(Available data begins)
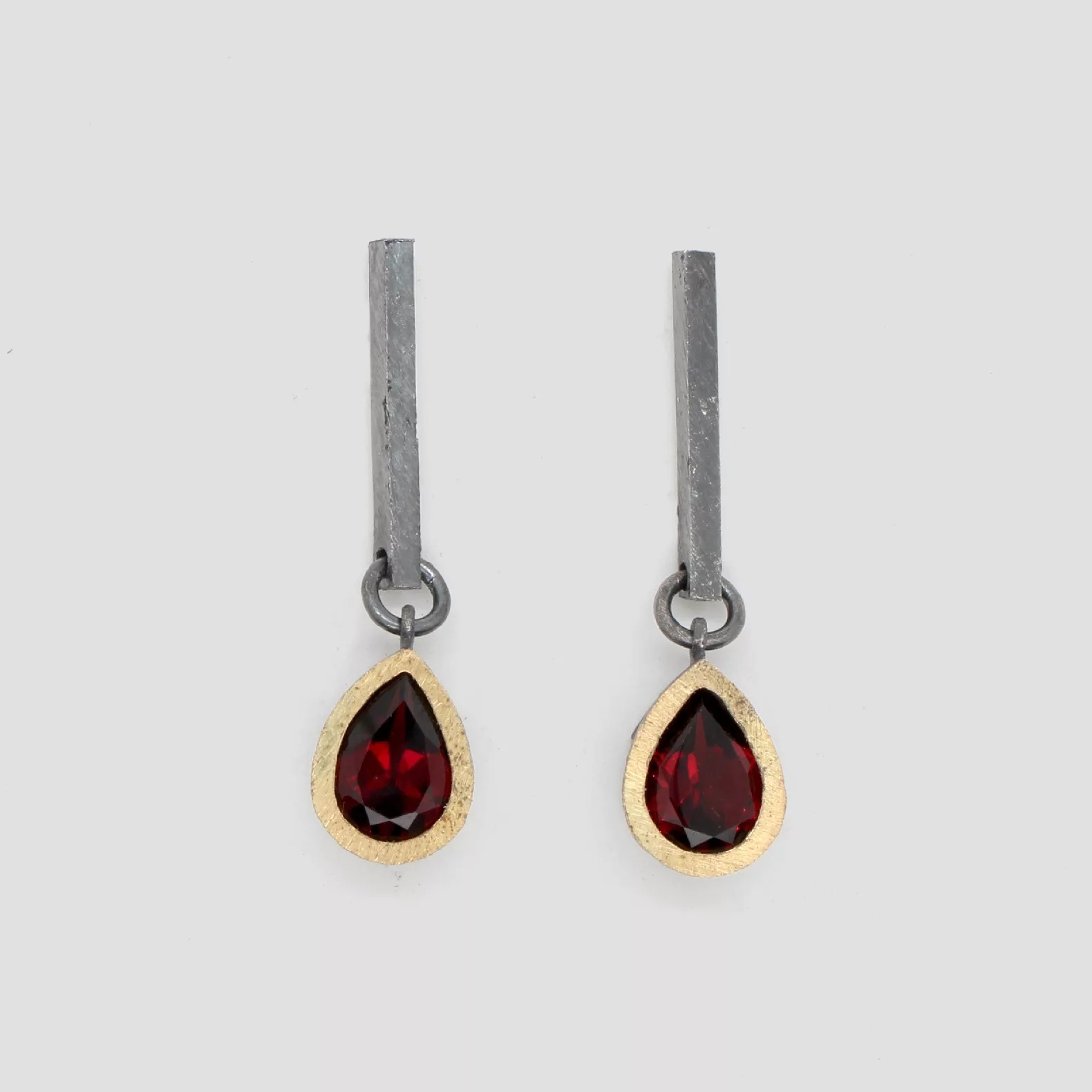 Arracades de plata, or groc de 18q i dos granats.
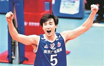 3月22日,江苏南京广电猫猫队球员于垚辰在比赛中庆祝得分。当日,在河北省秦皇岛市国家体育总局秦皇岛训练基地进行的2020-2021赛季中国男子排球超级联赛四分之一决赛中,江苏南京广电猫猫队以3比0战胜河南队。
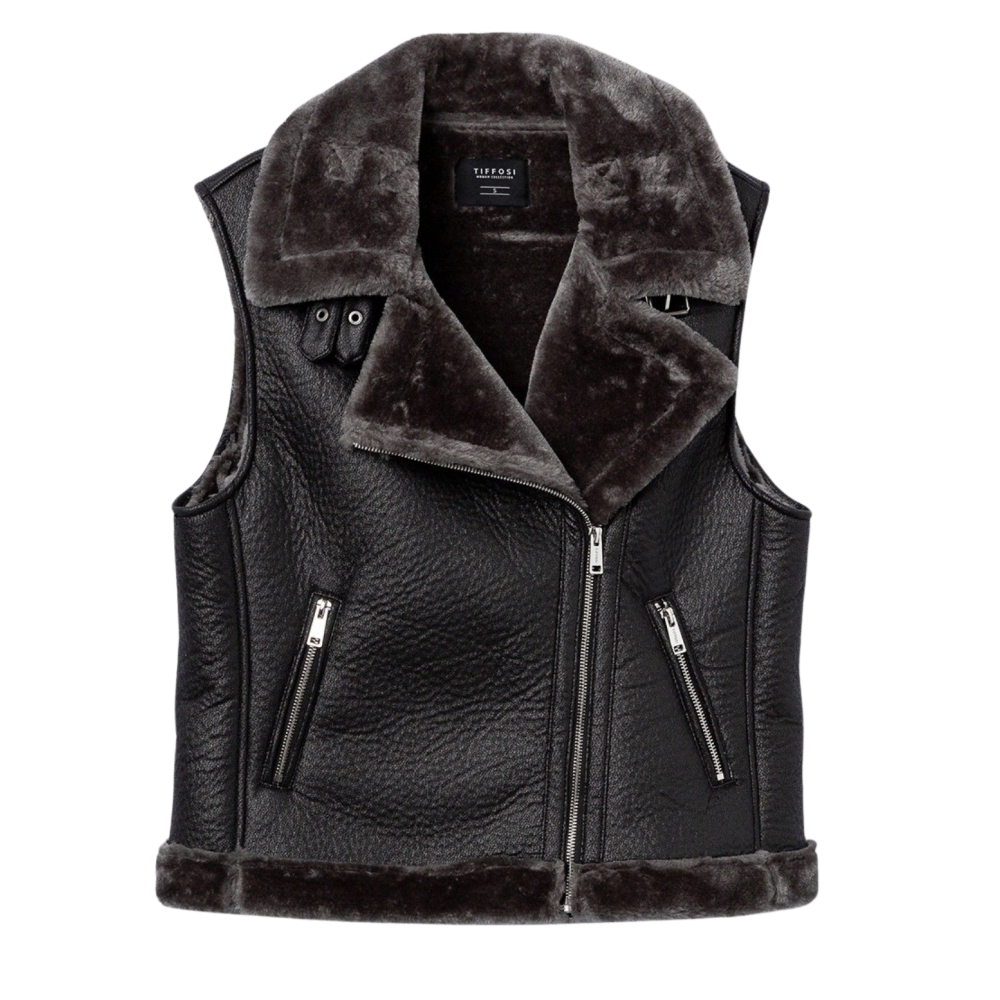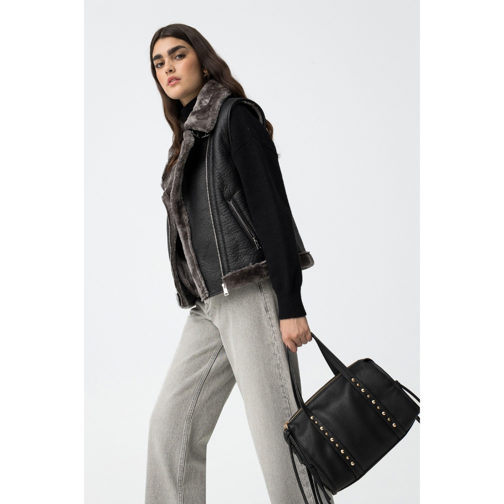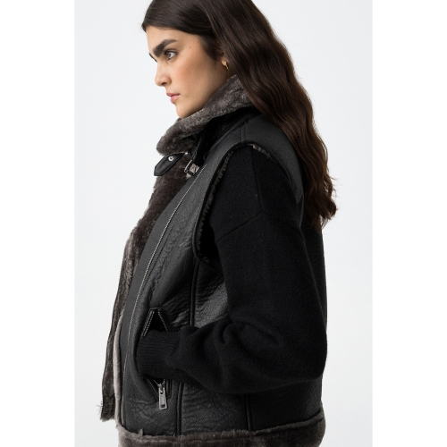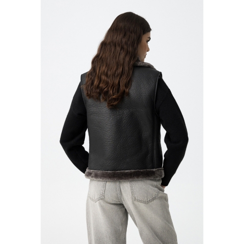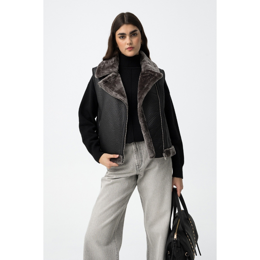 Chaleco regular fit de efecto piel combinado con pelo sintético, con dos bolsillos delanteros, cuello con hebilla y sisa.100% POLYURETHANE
(Available data ends)
(Available data begins)
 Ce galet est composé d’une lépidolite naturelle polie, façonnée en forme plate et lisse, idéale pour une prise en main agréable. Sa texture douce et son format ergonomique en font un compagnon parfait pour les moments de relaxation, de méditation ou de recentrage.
(Available data ends)
▸ What the task asks
In the data above, the stretch from the line with "Arracades de plata, or" through the line with "3月22日,江苏南京广电猫猫" is to be returned exactly, minus any pictures.

▸ Response area
 Arracades de plata, or groc de 18q i dos granats.
 3月22日,江苏南京广电猫猫队球员于垚辰在比赛中庆祝得分。当日,在河北省秦皇岛市国家体育总局秦皇岛训练基地进行的2020-2021赛季中国男子排球超级联赛四分之一决赛中,江苏南京广电猫猫队以3比0战胜河南队。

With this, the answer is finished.